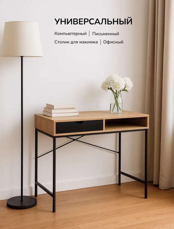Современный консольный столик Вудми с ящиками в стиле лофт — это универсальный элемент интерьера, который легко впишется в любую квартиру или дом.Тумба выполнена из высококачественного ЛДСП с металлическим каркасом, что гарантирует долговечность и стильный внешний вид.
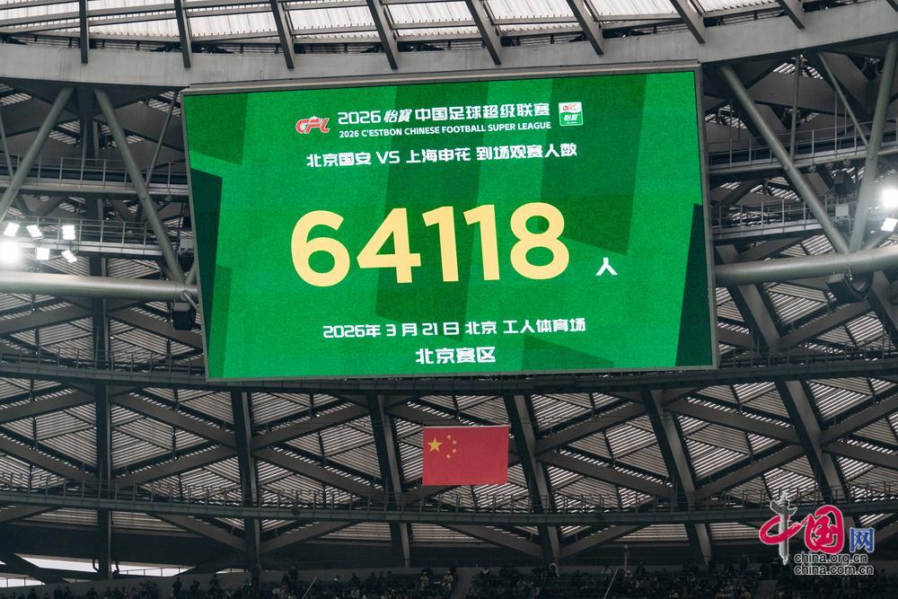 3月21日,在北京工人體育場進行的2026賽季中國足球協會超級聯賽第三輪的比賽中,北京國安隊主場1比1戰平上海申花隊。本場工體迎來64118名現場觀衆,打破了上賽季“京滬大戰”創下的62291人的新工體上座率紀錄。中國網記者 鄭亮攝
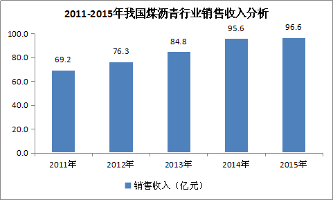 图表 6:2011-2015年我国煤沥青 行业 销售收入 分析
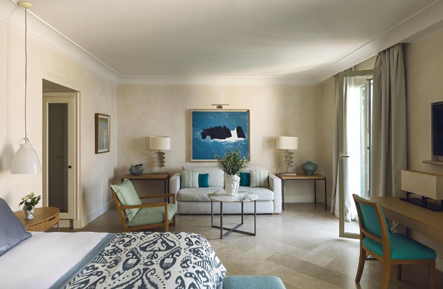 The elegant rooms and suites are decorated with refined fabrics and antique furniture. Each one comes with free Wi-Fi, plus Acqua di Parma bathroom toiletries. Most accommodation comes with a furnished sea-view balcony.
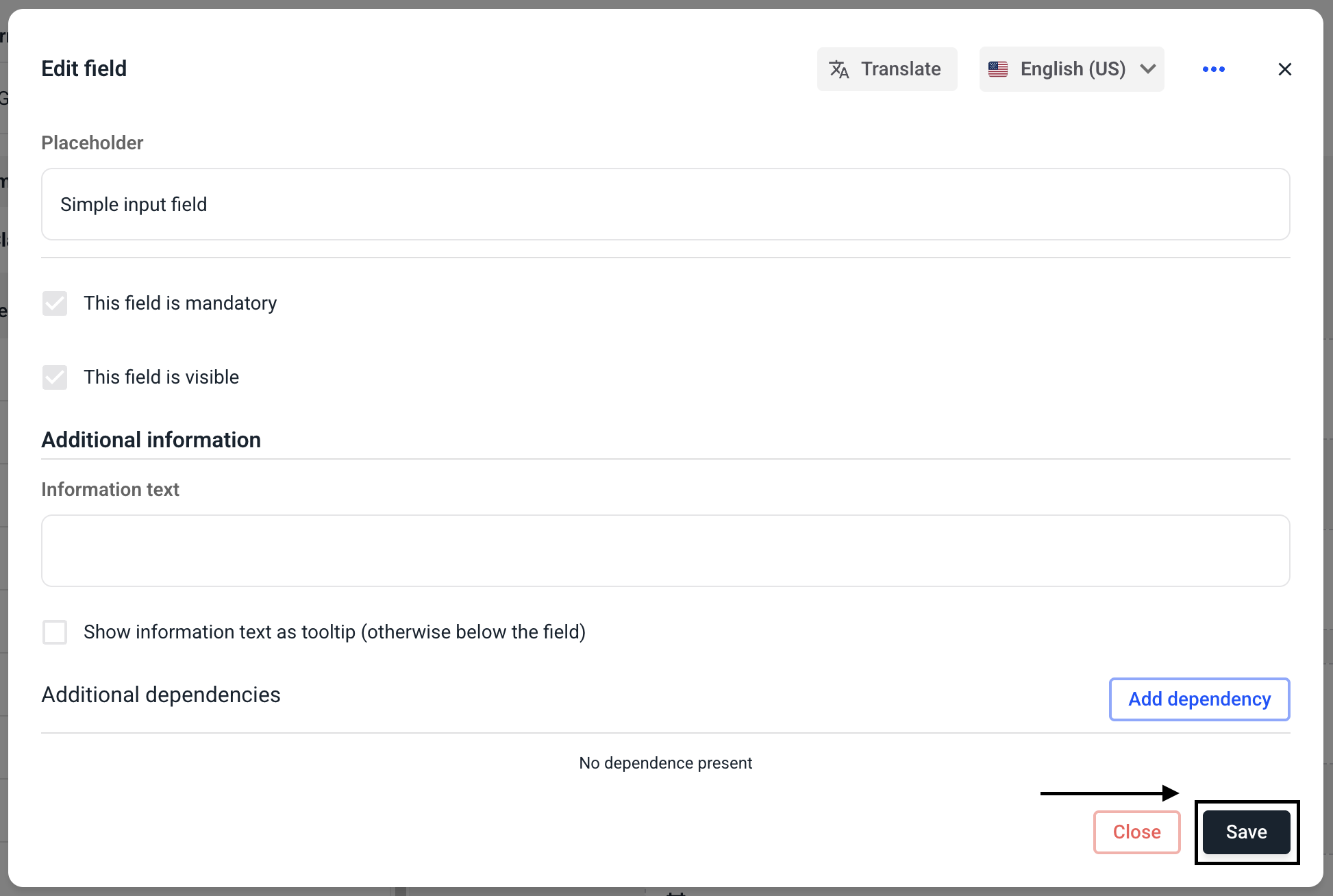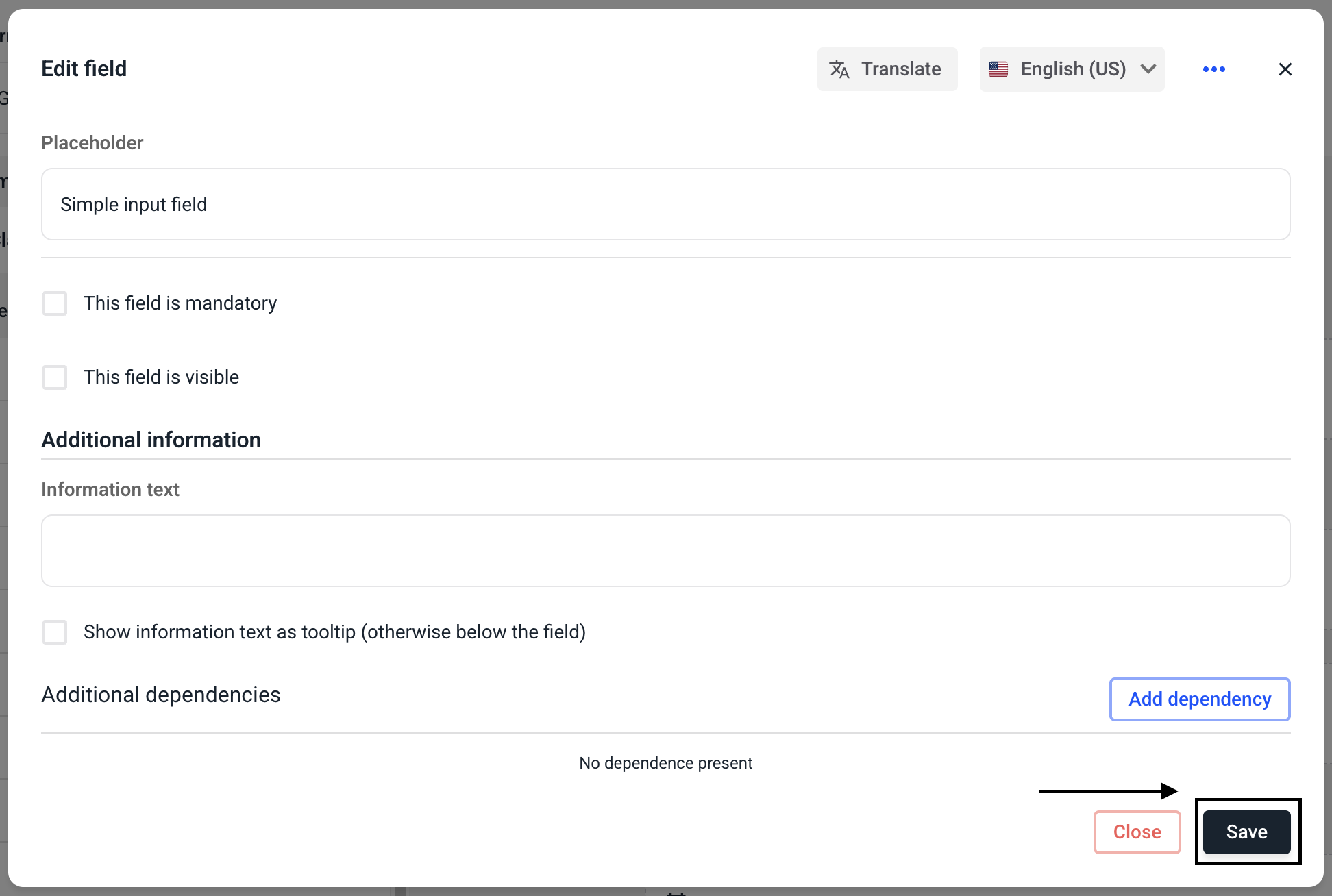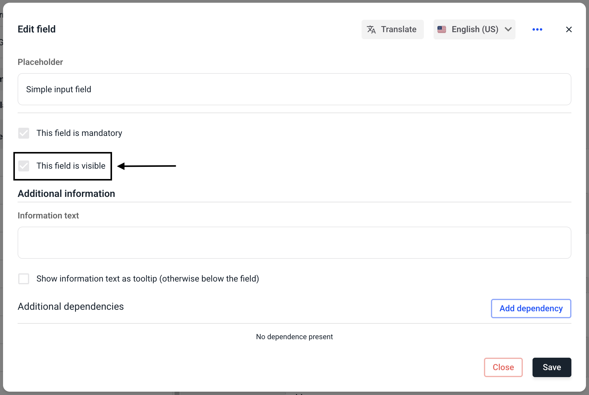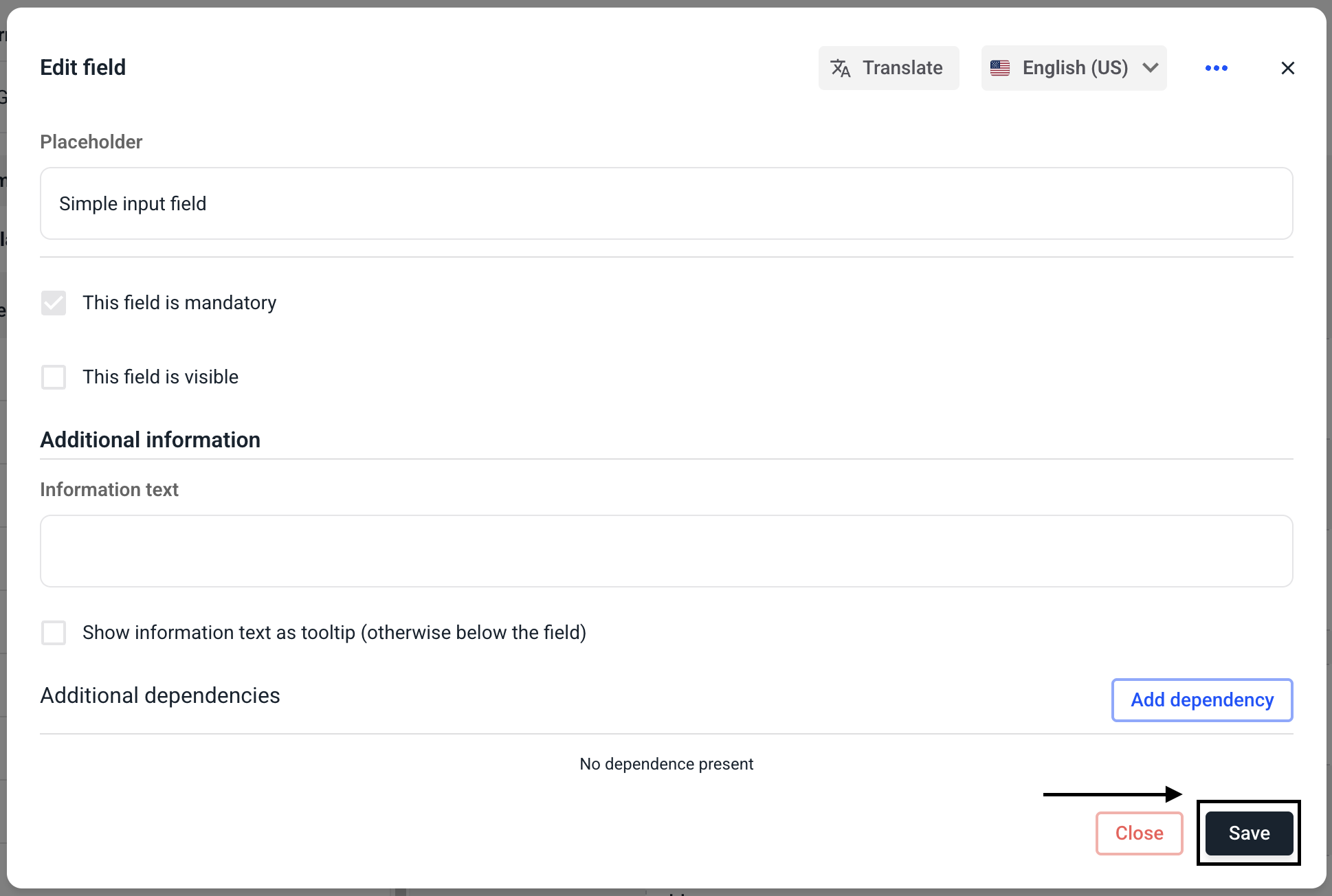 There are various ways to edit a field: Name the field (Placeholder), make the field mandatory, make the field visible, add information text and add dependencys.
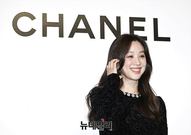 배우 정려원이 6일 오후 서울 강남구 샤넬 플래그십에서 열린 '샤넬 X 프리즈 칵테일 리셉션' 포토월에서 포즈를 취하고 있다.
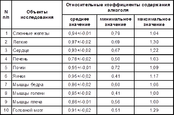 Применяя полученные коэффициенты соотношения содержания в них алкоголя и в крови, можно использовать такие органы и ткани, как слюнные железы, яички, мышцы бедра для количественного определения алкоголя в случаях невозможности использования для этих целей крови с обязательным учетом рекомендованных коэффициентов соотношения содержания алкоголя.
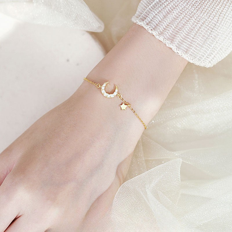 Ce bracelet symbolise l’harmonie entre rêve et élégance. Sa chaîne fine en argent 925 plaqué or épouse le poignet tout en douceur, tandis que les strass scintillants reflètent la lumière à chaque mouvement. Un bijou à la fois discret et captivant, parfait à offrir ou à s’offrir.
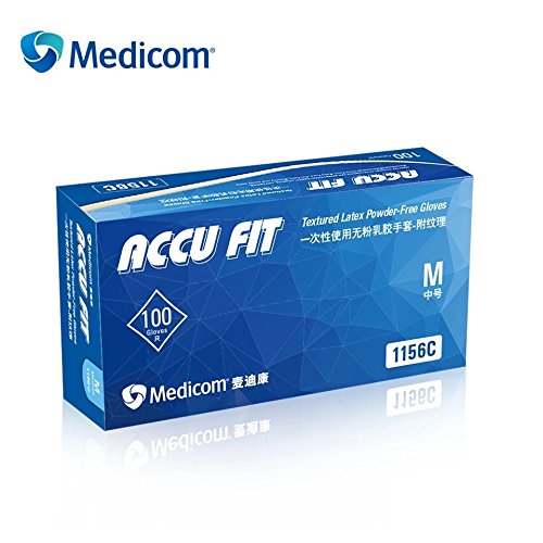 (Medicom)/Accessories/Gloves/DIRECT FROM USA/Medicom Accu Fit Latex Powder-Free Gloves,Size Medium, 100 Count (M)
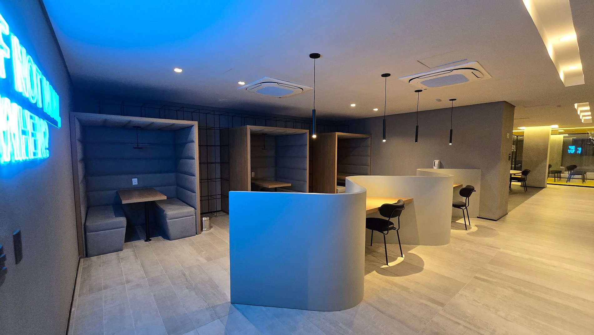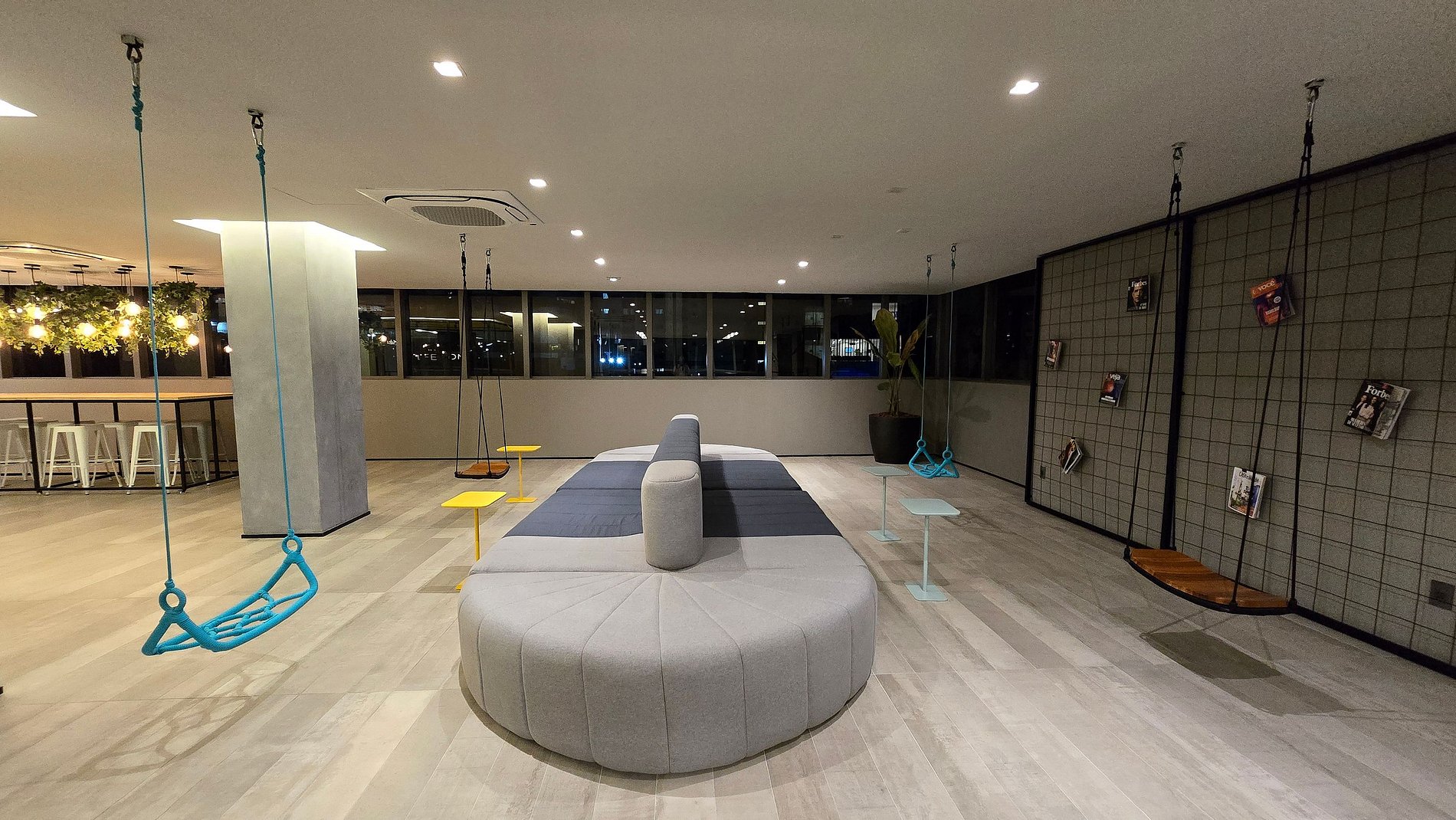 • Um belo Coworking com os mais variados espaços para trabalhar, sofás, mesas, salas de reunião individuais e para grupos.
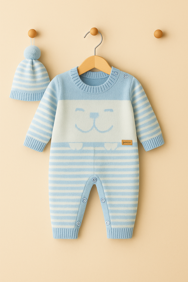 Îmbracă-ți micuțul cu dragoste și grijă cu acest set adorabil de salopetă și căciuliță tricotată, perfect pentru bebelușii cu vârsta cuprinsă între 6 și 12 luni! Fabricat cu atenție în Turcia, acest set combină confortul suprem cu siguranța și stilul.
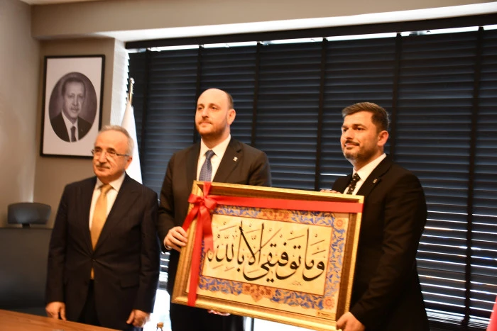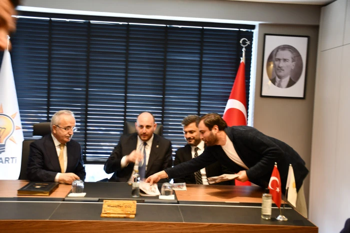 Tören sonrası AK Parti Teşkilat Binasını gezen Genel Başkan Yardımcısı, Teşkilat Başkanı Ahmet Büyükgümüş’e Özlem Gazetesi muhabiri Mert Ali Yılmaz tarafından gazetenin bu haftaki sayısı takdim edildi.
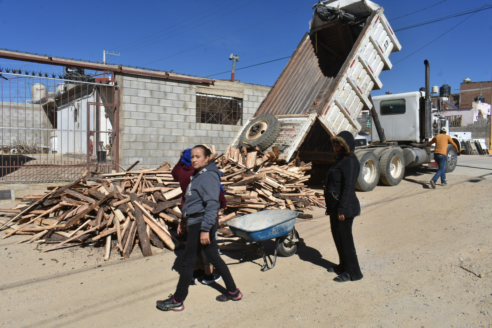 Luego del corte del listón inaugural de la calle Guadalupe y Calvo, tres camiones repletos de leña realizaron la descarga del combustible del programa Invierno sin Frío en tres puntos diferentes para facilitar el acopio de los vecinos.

_____

▶ _WHAT IS BEING ASKED_
The data must be printed exactly, image-free.

▶ _RESPONSE BOX_
Современный консольный столик Вудми с ящиками в стиле лофт — это универсальный элемент интерьера, который легко впишется в любую квартиру или дом.Тумба выполнена из высококачественного ЛДСП с металлическим каркасом, что гарантирует долговечность и стильный внешний вид.
 3月21日,在北京工人體育場進行的2026賽季中國足球協會超級聯賽第三輪的比賽中,北京國安隊主場1比1戰平上海申花隊。本場工體迎來64118名現場觀衆,打破了上賽季“京滬大戰”創下的62291人的新工體上座率紀錄。中國網記者 鄭亮攝
 图表 6:2011-2015年我国煤沥青 行业 销售收入 分析
 The elegant rooms and suites are decorated with refined fabrics and antique furniture. Each one comes with free Wi-Fi, plus Acqua di Parma bathroom toiletries. Most accommodation comes with a furnished sea-view balcony.
 There are various ways to edit a field: Name the field (Placeholder), make the field mandatory, make the field visible, add information text and add dependencys.
 배우 정려원이 6일 오후 서울 강남구 샤넬 플래그십에서 열린 '샤넬 X 프리즈 칵테일 리셉션' 포토월에서 포즈를 취하고 있다.
 Применяя полученные коэффициенты соотношения содержания в них алкоголя и в крови, можно использовать такие органы и ткани, как слюнные железы, яички, мышцы бедра для количественного определения алкоголя в случаях невозможности использования для этих целей крови с обязательным учетом рекомендованных коэффициентов соотношения содержания алкоголя.
 Ce bracelet symbolise l’harmonie entre rêve et élégance. Sa chaîne fine en argent 925 plaqué or épouse le poignet tout en douceur, tandis que les strass scintillants reflètent la lumière à chaque mouvement. Un bijou à la fois discret et captivant, parfait à offrir ou à s’offrir.
 (Medicom)/Accessories/Gloves/DIRECT FROM USA/Medicom Accu Fit Latex Powder-Free Gloves,Size Medium, 100 Count (M)
 • Um belo Coworking com os mais variados espaços para trabalhar, sofás, mesas, salas de reunião individuais e para grupos.
 Îmbracă-ți micuțul cu dragoste și grijă cu acest set adorabil de salopetă și căciuliță tricotată, perfect pentru bebelușii cu vârsta cuprinsă între 6 și 12 luni! Fabricat cu atenție în Turcia, acest set combină confortul suprem cu siguranța și stilul.
 Tören sonrası AK Parti Teşkilat Binasını gezen Genel Başkan Yardımcısı, Teşkilat Başkanı Ahmet Büyükgümüş’e Özlem Gazetesi muhabiri Mert Ali Yılmaz tarafından gazetenin bu haftaki sayısı takdim edildi.
 Luego del corte del listón inaugural de la calle Guadalupe y Calvo, tres camiones repletos de leña realizaron la descarga del combustible del programa Invierno sin Frío en tres puntos diferentes para facilitar el acopio de los vecinos.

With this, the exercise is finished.